Synthetische Drogen: Damit handelte der Eichenauer.

Prozess am Landgericht

Drogen aus der Packstation

Olching/München – Blaue Geister, gelber Supermann – die Namen der euphorisierenden Pillen, die ein 33-jähriger aus Olching vertickt haben soll, klingen phantasievoll.

 Genauso erfinderisch gestaltete der Mann die Art und Weise, wie er sich Ecstasy, LSD und Kokain in großer Menge beschaffte und damit handelte. Jetzt musste sich der 33-Jährige vor dem Münchner Landgericht verantworten.

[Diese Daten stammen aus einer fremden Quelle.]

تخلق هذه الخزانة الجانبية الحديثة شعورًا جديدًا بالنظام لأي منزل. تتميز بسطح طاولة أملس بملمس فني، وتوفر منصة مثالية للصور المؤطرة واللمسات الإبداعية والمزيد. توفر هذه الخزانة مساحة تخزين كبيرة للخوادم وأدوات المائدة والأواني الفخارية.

Der Staatsanwaltschaft sind gut ein Dutzend Fälle bekannt, in denen der Angeklagte als Zwischenhändler agierte und damit seinen Eigenkonsum finanzierte. Sein Geschäft funktionierte so: Bei Dealern, vorwiegend aus Holland, bestellte er Pillen und Pulver. Doch er ließ sich die Sendungen nicht heimschicken, sondern an Packstationen in Fürstenfeldbruck, Gröbenzell, Olching, Puchheim, Unterschleißheim und Prien.

Damit man ihm nicht auf die Schliche kommt, benutzte der 33-Jährige die Zugangsdaten von Postkunden. Die beschaffte er sich, indem er sich im Internet in die Accounts der Ahnungslosen hackte. Und wenn die Sendungen da waren, holte er sie mit gefälschten Abholscheinen und fremdem Namen ab. Dann konsumierte er die Drogen selbst oder verkaufte sie häppchenweise weiter. Irgendwann wurde die Post misstrauisch und informierte die Polizei.

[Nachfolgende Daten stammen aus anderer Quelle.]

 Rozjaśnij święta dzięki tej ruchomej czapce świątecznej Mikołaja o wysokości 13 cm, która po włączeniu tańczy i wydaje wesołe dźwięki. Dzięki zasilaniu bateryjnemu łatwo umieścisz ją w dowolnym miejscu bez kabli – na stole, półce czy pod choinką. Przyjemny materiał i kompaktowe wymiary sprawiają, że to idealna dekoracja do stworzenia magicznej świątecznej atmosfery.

Die Mengen, mit denen der Olchinger bis dahin jonglierte, waren alles andere als unerheblich: In einem Fall waren es eineinhalb Kilo Amphetamine. „Ja, ich habe bestellt und Drogen besessen“, gab er vor Gericht zu. „Ich schätze, ich habe mit dem Ganzen im Schnitt 600 bis 800 Euro monatlich verdient.“

Richter Oliver Ottmann legte dem Angeklagten nahe, sich im Bezug auf die Internetaktivitäten kooperativ zu zeigen. „Die verschlüsselten Daten sind wie ein Damoklesschwert. Werden die geknackt, sind weitere Verfahren möglich.“ Der Angeklagte, der für Computerfirmen gearbeitet hatte, wolle bald Passwörter nennen, sagte er.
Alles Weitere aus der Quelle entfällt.